主人公・高山春香(cv.戸松遥)と園田優(cv.井口裕香)は、美里西高等学校第62期生として入学します。新しい環境で人間関係も広がっていく中、優が大好きな春香は、優が他の女子生徒とさっそく仲良くしている様子を見て嫉妬してしまいます。そのうち、春香は自分だけが優の「特別」な友達でありたいと願うようになり、優にその想いを打ち明けます。

それに対して優は春香に「他の子たちとは絶対にしないことをしよう」と提案します。春香が答えた他の友達とはしない「特別」なことは「キス」することでした。

ふたりの「秘め事」として始めたキスですが、他生徒に目撃されたり、春香が先輩の女子生徒に告白されたりと、恋愛のもつれにもドキドキきゅんきんしてしまう作品です。また、毎回キスシーンが入ることでも当時話題になりました。

作中春香は先輩と同級生、2人から告白を受けていますが、結局優との関係は恋愛なのか友情なのか、あやふやなまま物語は終了してしまいます。そんな、なんとも言えない不思議な結びつきに萌えてしまう、百合アニメの良いポイントが詰まった作品です。

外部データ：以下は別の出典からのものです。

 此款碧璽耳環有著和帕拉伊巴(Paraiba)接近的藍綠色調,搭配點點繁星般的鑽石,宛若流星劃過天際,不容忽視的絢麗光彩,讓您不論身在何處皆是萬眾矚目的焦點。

百合アニメランキング第10位:このはな綺譚 441票

さて、ラストを飾るのはこれまた人気作品『このはな綺譚』です。八百比丘尼に拾われ育てられた野狐(狐っ娘)の柚(cv.大野柚布子)は、社会勉強のために高級温泉旅館・此花亭の仲居となります。

柚は個性的な先輩仲居たちと日常を過ごす中で彼女らの優しさに触れ、仲居の仕事を通して、柚が内面的に成長してゆく物語です。

アニメは2017年10月から12月まで放送されていました。『このはな綺譚』の魅力は、可愛らしいキャラクターデザインでしょう。「此花亭」の仲居は全て少女の姿をした狐という設定です。愛らしい少女にもふもふとしたきつねの耳がついているキャラクターたちは、見ているだけで癒されます。

当初、柚と彼女の先輩で相棒である皐(cv. 秦佐和子)は恋人になる予定だったそうですが、原作の連載が途中で止まってしまったため、アニメでも未だ「仲の良い先輩・後輩」の関係だそうです。

現在、連載も再開しており、再び人気に火が付いてきているようです。アニメ第2期が放送されれば、仲睦まじいふたりの姿が見られるかもしれませんね。

百合アニメは多種多様な楽しみ方がある

ランキング上位には、女性同士の恋愛を描いている、誰もがイメージする「百合アニメ」がランクインしていました。一方で、直接的な恋愛表現がなくとも、青春や深い友情の中で育まれる「女性たちの心の触れ合い」を表現している作品も、百合ジャンルに含まれていましたね。

2000年代以降の躍進により、今後より注目が集まっていくであろう「百合アニメ」。令和の百合アニメはどんな傑作が生まれるのか、今から楽しみですね。

以上、Find Anime編集部からのお届けでした。